Just because you’ve picked up this book, you know, doesn’t mean it belongs to you.

Quite a lot went on before you even arrived. There was a spark of an idea one day, which ignited into a fire of imagination. Each lick of flame burned a line of text, spreading from chapter to chapter.

And where were you? Probably in some other book, not even aware that this was happening someplace in the universe.

From this blaze came smoke, and from that smoke came silhouettes, marching across the pages, each with a voice to be heard. As they spoke, their edges grew sharper and more defined. Their features rose to the surface. And soon they were characters in their own right.

They picked up the lines that had been laid across the page and carried them on their shoulders, wrapped them around their waists, tugged and twisted, and became the story.

And still you weren’t here.

Then one day you reached onto a shelf, and out of all the books in the world, you chose this one.

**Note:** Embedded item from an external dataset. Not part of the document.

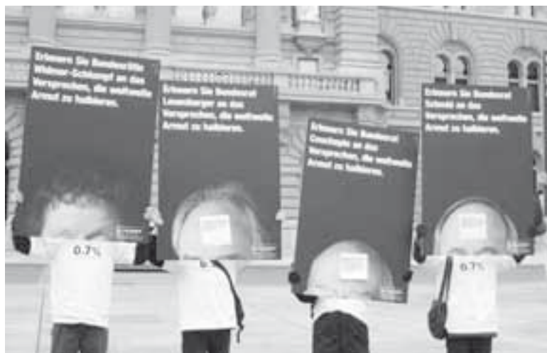
Der Bundesrat sperrt sich gegen mehr Entwicklungshilfe – und foutiert sich einmal mehr um die Millenniumsziele. Aktion vor dem Bundeshaus, 2008.

Der Bundesrat verwarfte sich auch dagegen, nach 2010 eine Zusatzbotschaft vorzulegen, sollten sich dazumal zusätzliche Mittel als nötig erwei-

Now, don’t get me wrong. It’s not as if you’re not important. For the moment you opened this tale, your mind awakened the characters. If a tree falls in the forest and no one is there to hear it, does it really fall? If a character sits in a book and no one reads it, is he truly alive? As your eyes moved across the pages, as you heard the story in your head, the characters moved for you, spoke for you, felt for you.

So you see, it’s quite difficult to know who owns a story. Is it the writer, who crafted it? The characters, who carry the plot forward? Or you, the reader, who breathes life into them?

Or perhaps none of the three can exist without the other.

Perhaps without this magical combination, a story would be nothing more than words on a page.